▶ RECORD EXTRACTS:
• • • • •
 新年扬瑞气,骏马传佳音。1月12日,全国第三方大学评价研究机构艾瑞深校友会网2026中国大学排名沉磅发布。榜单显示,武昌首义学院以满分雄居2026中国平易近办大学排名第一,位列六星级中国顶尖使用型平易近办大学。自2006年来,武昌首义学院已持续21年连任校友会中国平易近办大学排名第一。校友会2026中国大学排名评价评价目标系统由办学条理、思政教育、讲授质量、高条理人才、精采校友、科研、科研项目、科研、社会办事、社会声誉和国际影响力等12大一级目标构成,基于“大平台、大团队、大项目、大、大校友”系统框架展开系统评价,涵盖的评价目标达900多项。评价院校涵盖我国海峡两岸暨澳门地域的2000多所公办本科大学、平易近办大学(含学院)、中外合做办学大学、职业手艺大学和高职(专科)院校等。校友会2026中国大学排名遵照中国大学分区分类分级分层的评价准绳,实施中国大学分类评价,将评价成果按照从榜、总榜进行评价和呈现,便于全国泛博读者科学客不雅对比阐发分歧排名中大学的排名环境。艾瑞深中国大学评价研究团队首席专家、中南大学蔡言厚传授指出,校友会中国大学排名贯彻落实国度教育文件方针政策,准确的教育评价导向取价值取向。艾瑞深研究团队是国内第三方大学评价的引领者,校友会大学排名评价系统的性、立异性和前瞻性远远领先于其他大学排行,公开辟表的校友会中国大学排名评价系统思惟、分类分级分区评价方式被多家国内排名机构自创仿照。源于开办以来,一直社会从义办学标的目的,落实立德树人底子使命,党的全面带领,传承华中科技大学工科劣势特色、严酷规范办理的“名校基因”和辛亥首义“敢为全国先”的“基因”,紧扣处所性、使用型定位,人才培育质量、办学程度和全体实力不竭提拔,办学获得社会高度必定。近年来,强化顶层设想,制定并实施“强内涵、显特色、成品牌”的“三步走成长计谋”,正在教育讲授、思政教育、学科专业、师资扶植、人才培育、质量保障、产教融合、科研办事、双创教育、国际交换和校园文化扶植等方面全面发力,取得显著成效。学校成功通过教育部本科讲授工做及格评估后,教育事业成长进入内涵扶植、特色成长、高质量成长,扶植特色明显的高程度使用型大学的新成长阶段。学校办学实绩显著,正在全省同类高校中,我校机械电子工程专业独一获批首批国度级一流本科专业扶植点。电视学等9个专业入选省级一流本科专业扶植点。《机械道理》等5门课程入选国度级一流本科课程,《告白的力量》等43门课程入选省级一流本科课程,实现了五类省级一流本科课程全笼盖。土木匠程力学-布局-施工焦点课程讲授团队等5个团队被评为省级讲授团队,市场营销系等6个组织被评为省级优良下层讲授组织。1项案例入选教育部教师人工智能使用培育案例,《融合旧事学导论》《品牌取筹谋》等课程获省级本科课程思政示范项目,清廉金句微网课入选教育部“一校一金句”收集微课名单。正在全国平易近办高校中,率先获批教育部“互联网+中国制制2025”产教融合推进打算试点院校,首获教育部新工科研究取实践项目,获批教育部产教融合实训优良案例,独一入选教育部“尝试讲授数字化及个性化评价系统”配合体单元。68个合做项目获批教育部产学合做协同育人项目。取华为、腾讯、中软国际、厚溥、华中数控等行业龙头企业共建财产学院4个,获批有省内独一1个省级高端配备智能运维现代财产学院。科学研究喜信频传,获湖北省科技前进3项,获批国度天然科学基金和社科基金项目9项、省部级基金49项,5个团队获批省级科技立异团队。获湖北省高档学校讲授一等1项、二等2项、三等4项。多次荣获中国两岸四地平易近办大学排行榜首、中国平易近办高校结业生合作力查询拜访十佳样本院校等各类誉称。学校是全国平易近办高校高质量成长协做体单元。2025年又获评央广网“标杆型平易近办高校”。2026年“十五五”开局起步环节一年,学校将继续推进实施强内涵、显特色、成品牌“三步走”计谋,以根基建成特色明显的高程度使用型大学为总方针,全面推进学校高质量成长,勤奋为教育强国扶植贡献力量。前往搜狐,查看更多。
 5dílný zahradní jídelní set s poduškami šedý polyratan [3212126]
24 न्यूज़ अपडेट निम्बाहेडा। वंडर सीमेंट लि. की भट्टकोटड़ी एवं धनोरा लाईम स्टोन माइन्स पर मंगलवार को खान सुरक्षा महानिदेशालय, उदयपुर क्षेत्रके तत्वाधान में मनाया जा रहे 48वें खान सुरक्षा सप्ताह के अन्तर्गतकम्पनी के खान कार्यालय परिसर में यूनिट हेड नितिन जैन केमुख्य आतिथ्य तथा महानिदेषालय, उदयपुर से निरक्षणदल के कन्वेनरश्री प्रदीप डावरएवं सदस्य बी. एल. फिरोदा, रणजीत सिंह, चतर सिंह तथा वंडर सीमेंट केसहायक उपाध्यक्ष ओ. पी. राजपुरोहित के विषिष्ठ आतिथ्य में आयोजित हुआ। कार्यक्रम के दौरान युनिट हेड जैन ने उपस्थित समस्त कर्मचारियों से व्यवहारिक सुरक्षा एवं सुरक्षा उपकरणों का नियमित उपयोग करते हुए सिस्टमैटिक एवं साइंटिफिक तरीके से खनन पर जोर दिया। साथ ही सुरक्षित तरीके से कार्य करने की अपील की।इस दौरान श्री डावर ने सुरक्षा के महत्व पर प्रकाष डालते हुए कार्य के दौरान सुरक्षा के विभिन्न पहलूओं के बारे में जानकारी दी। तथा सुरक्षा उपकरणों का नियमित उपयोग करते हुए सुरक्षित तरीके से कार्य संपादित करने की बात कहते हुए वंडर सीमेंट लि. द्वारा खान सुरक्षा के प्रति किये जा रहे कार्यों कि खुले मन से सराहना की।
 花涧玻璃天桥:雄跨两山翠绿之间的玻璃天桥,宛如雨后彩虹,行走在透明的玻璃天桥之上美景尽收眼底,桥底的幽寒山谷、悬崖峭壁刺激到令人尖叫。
• • • • •
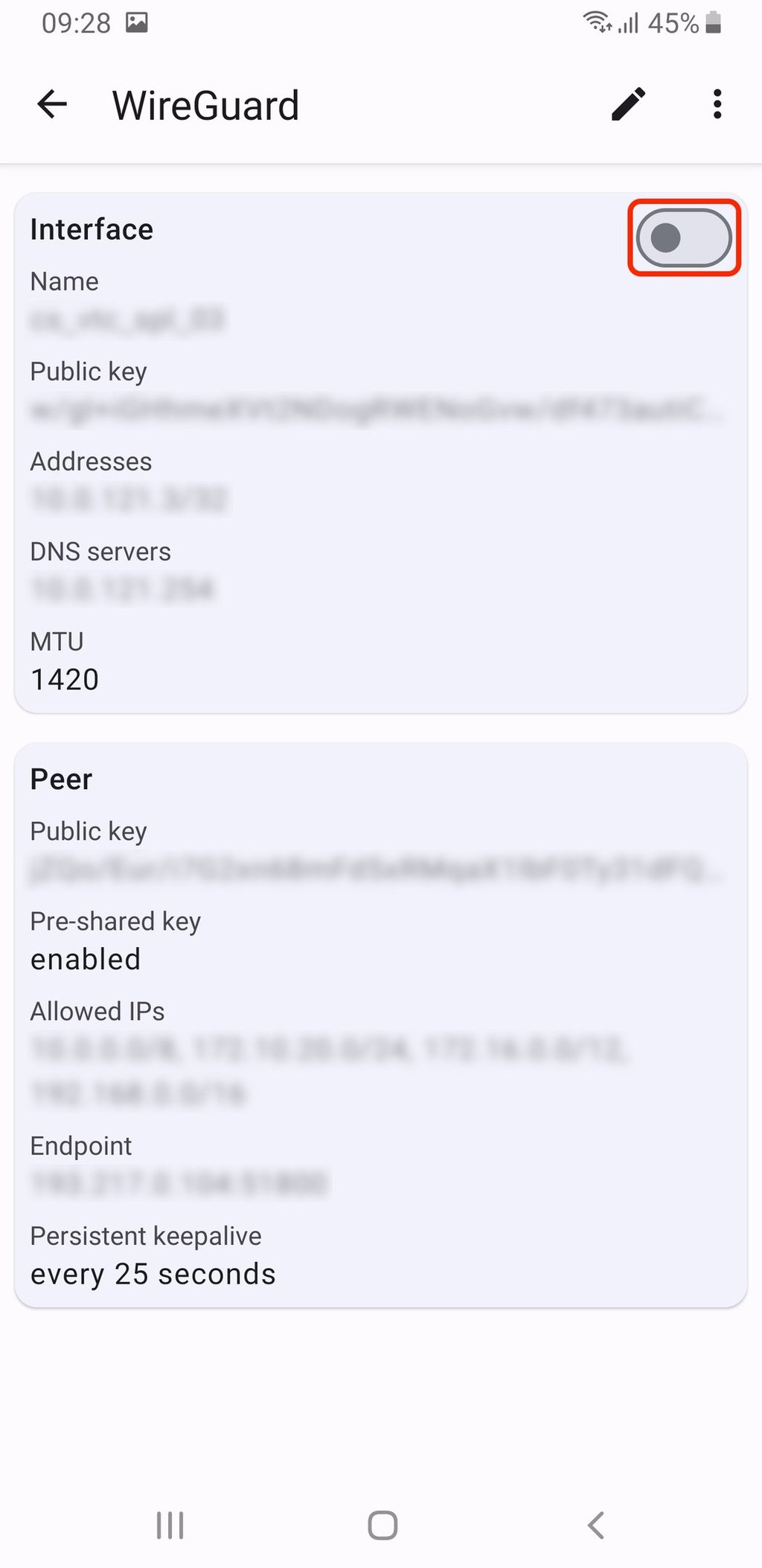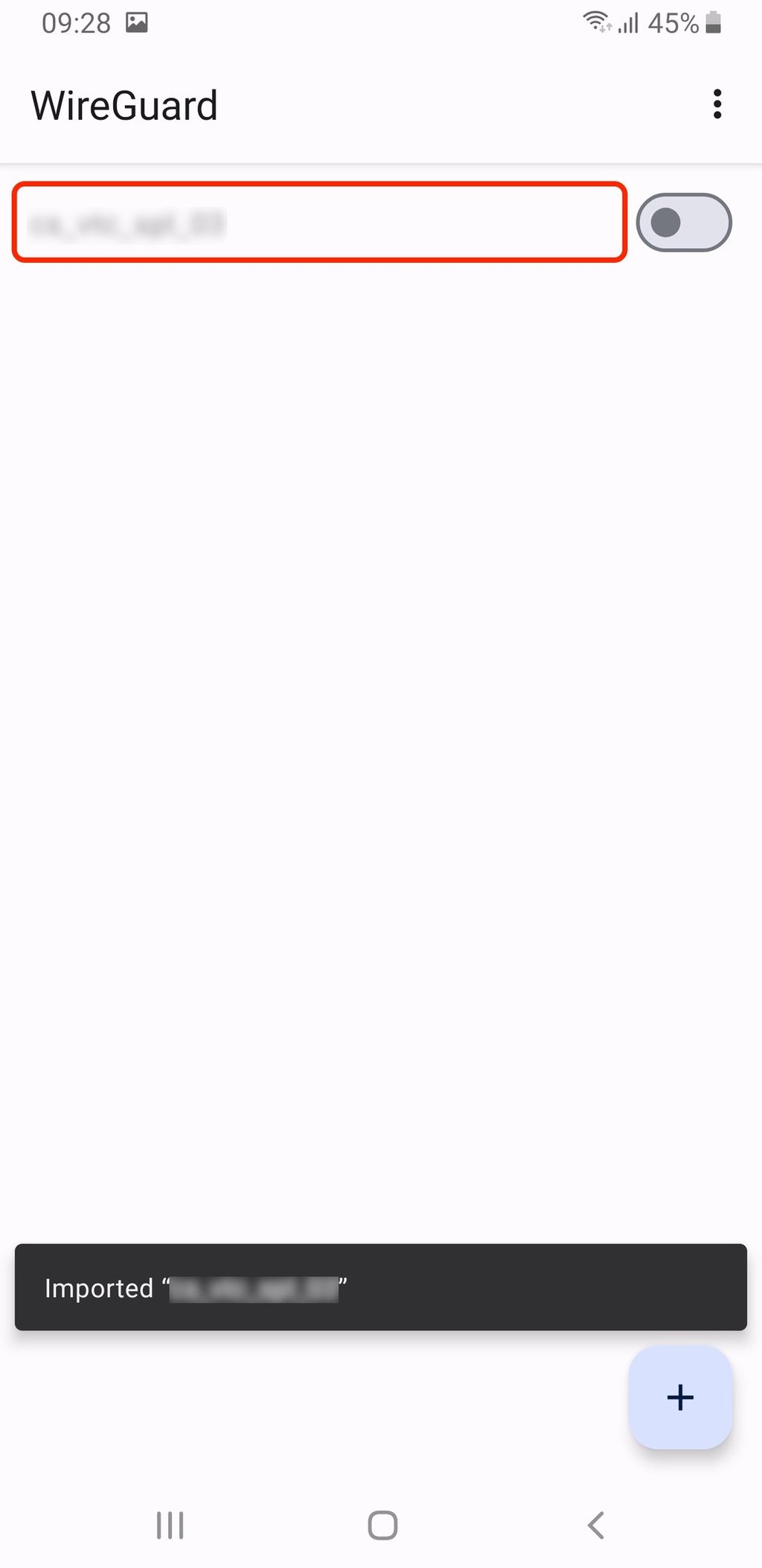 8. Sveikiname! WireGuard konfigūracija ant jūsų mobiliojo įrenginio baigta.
• • • • •
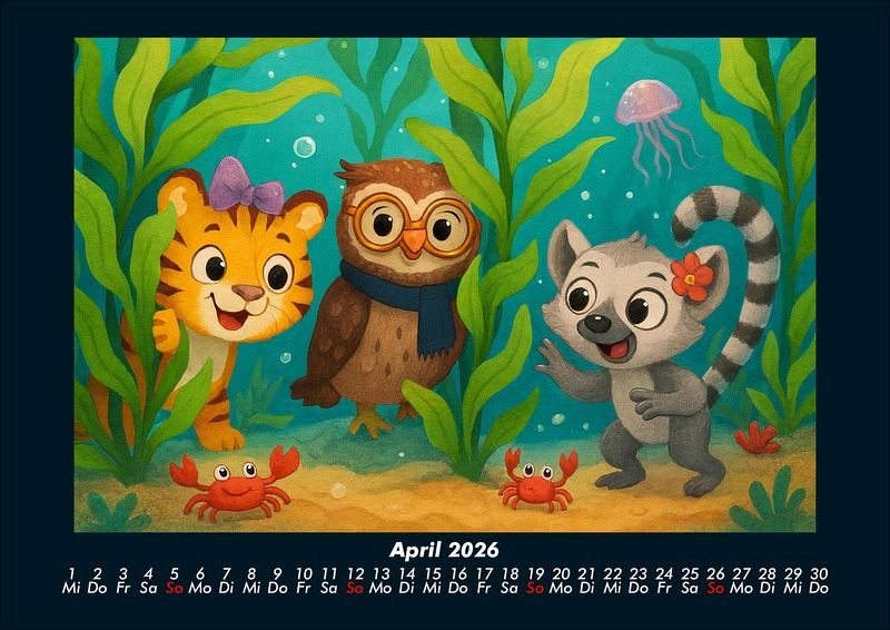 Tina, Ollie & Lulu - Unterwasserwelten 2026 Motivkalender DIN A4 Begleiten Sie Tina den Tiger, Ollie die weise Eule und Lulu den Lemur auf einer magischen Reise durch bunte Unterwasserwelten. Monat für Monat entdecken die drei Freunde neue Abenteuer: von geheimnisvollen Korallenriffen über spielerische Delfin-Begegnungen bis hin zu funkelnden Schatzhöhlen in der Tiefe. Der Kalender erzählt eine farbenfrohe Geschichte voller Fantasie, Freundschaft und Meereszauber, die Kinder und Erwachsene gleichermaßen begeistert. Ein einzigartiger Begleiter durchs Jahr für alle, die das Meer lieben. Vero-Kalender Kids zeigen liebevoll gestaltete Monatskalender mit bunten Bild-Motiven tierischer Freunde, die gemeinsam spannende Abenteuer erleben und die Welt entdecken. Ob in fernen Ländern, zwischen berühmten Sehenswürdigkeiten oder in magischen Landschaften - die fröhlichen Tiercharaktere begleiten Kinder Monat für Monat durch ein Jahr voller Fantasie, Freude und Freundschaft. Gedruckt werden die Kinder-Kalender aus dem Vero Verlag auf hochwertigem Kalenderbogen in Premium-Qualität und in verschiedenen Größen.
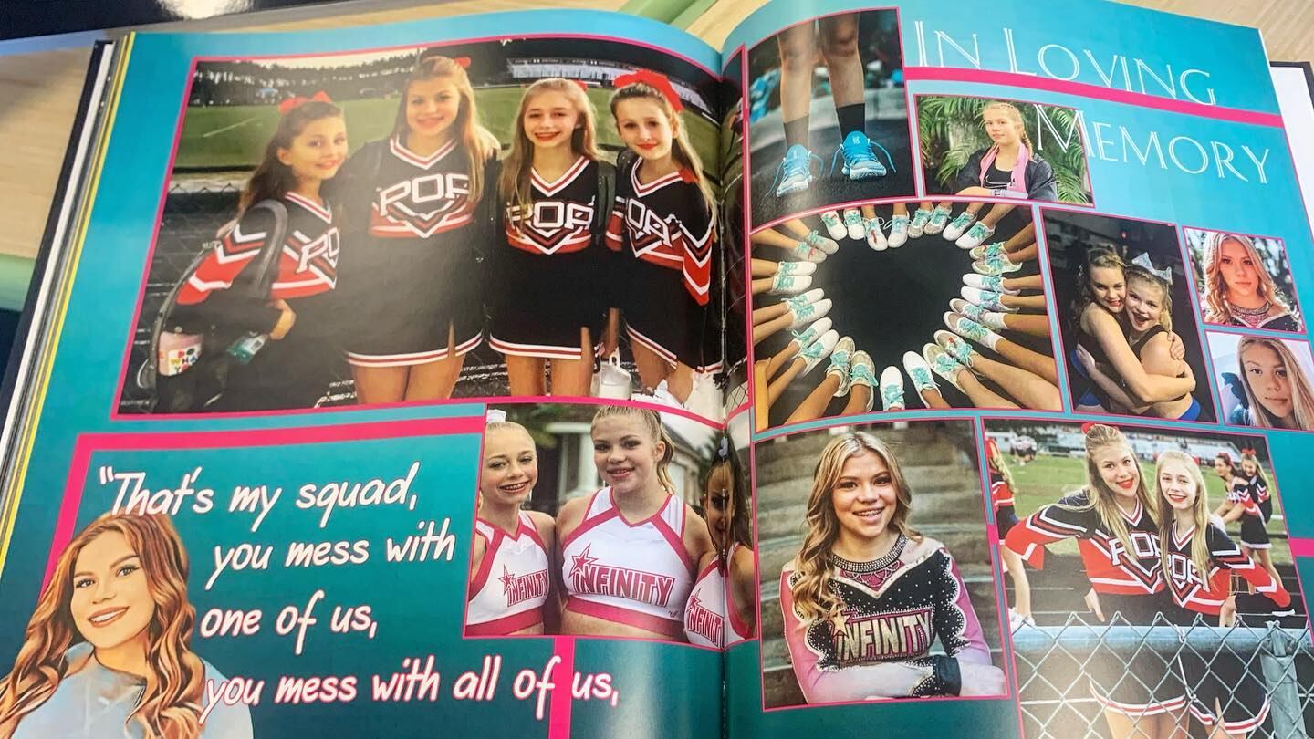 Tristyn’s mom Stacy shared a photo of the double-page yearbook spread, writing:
• • • • •
▶ TASK GOAL: Your answer is the exact run of lines above from the one with "Tina, Ollie &" through the one with "Tristyn’s mom Stacy", both ends included, minus any picture.

▶ REPLY:
 Tina, Ollie & Lulu - Unterwasserwelten 2026 Motivkalender DIN A4 Begleiten Sie Tina den Tiger, Ollie die weise Eule und Lulu den Lemur auf einer magischen Reise durch bunte Unterwasserwelten. Monat für Monat entdecken die drei Freunde neue Abenteuer: von geheimnisvollen Korallenriffen über spielerische Delfin-Begegnungen bis hin zu funkelnden Schatzhöhlen in der Tiefe. Der Kalender erzählt eine farbenfrohe Geschichte voller Fantasie, Freundschaft und Meereszauber, die Kinder und Erwachsene gleichermaßen begeistert. Ein einzigartiger Begleiter durchs Jahr für alle, die das Meer lieben. Vero-Kalender Kids zeigen liebevoll gestaltete Monatskalender mit bunten Bild-Motiven tierischer Freunde, die gemeinsam spannende Abenteuer erleben und die Welt entdecken. Ob in fernen Ländern, zwischen berühmten Sehenswürdigkeiten oder in magischen Landschaften - die fröhlichen Tiercharaktere begleiten Kinder Monat für Monat durch ein Jahr voller Fantasie, Freude und Freundschaft. Gedruckt werden die Kinder-Kalender aus dem Vero Verlag auf hochwertigem Kalenderbogen in Premium-Qualität und in verschiedenen Größen.
 Tristyn’s mom Stacy shared a photo of the double-page yearbook spread, writing:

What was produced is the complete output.